▸ Task description:
Work through the listing below and give again exactly the lines from the one with "Create a supremely" to the one with "to receive one", both ends included. All other lines and all pictures stay out.

▸ Data to examine:
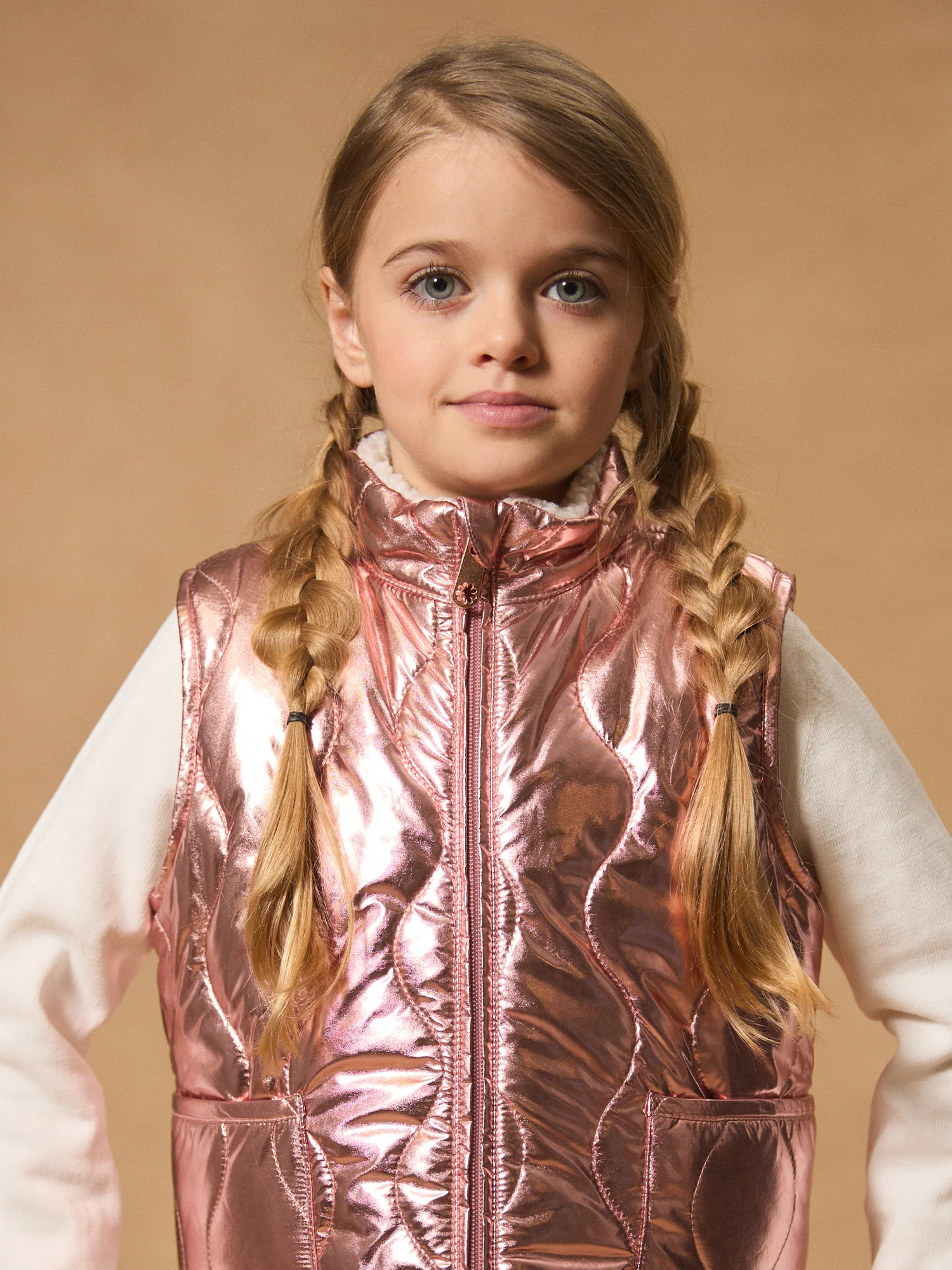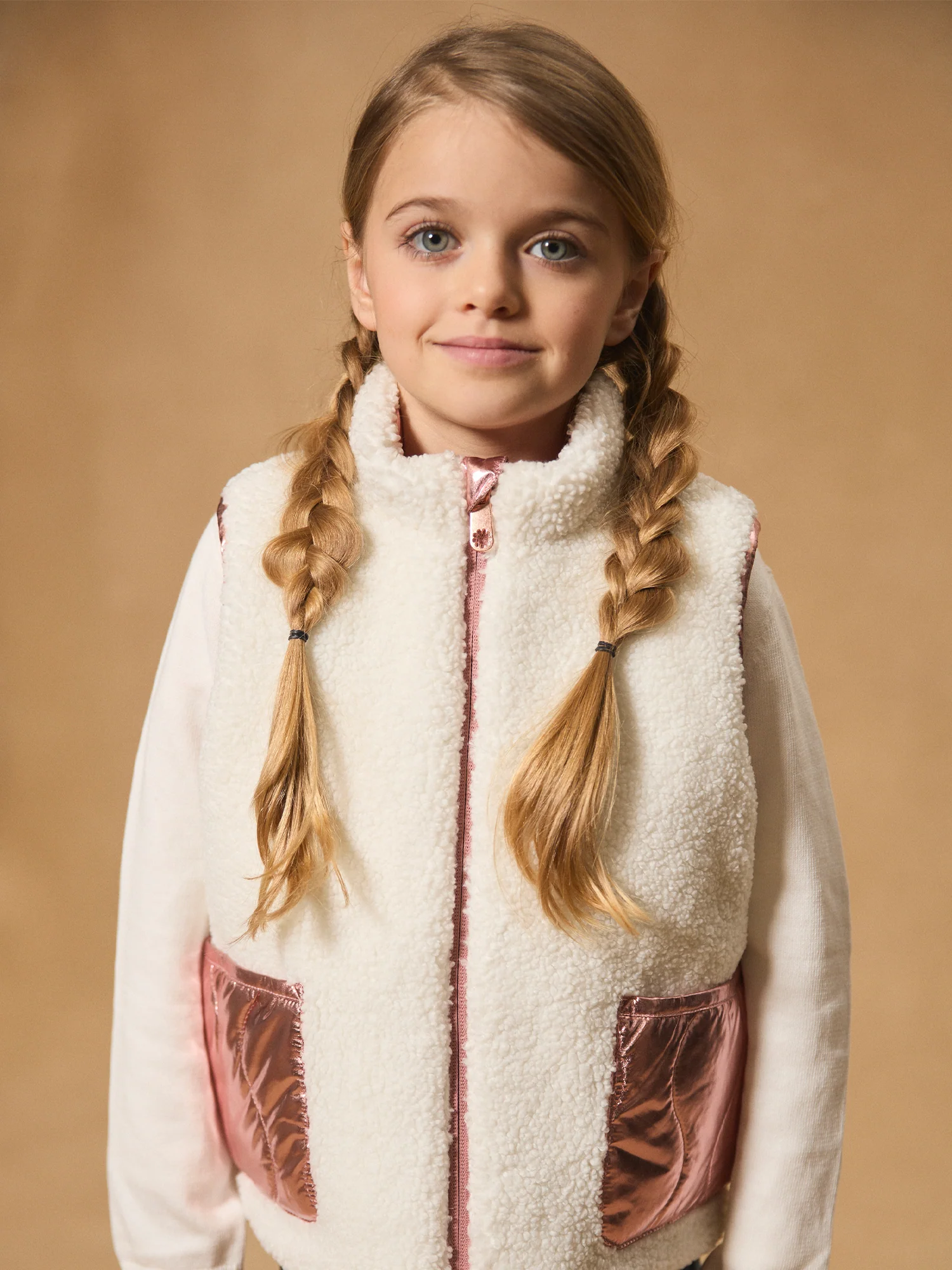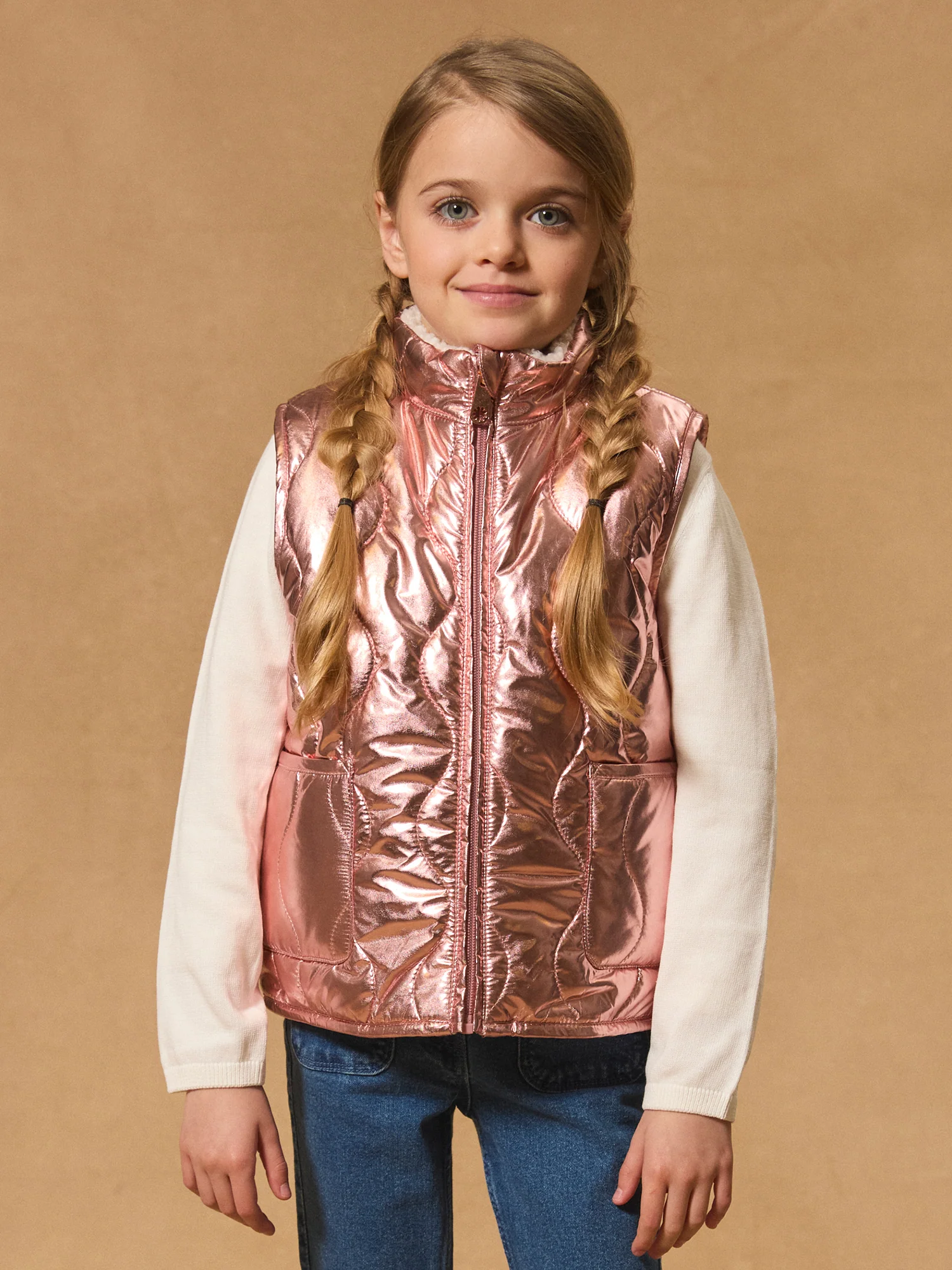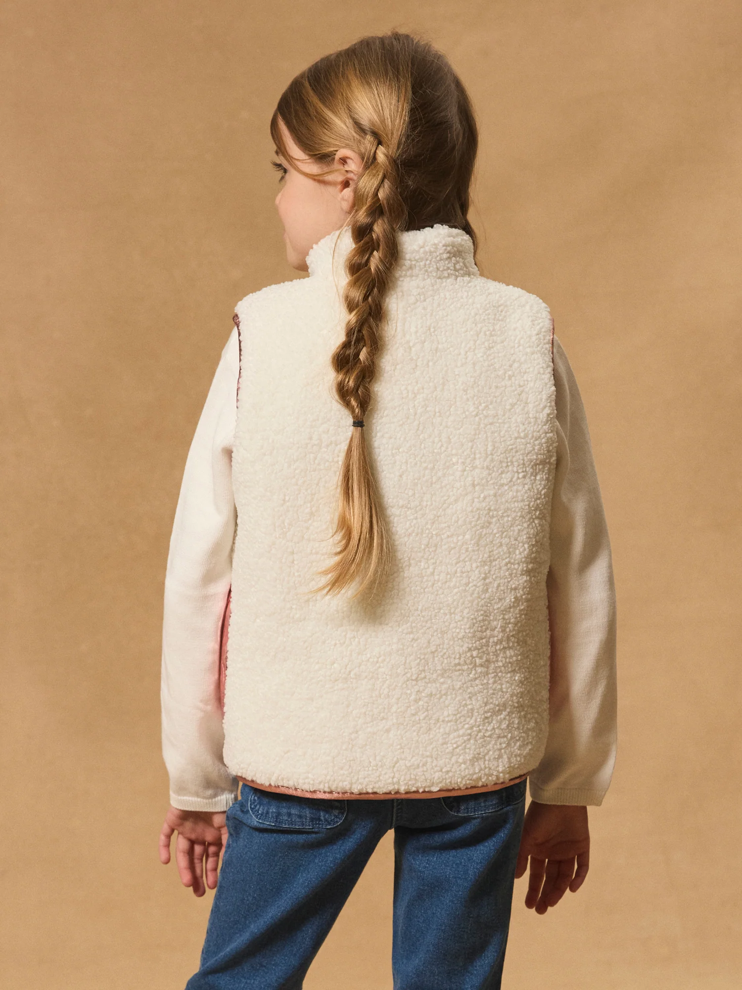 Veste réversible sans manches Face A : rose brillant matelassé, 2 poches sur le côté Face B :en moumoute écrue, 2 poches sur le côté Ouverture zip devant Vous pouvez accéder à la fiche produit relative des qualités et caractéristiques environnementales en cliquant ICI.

...

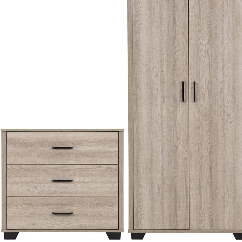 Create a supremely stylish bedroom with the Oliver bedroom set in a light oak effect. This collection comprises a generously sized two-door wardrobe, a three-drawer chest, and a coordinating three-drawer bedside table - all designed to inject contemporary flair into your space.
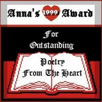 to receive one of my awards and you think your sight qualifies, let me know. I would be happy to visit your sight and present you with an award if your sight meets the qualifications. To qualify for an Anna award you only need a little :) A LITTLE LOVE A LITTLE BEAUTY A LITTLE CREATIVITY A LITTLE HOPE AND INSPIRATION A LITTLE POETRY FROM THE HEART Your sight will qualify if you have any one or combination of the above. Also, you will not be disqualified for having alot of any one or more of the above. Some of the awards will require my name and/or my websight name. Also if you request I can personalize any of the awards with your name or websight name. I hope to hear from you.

▸ Output:
 Create a supremely stylish bedroom with the Oliver bedroom set in a light oak effect. This collection comprises a generously sized two-door wardrobe, a three-drawer chest, and a coordinating three-drawer bedside table - all designed to inject contemporary flair into your space.
 to receive one of my awards and you think your sight qualifies, let me know. I would be happy to visit your sight and present you with an award if your sight meets the qualifications. To qualify for an Anna award you only need a little :) A LITTLE LOVE A LITTLE BEAUTY A LITTLE CREATIVITY A LITTLE HOPE AND INSPIRATION A LITTLE POETRY FROM THE HEART Your sight will qualify if you have any one or combination of the above. Also, you will not be disqualified for having alot of any one or more of the above. Some of the awards will require my name and/or my websight name. Also if you request I can personalize any of the awards with your name or websight name. I hope to hear from you.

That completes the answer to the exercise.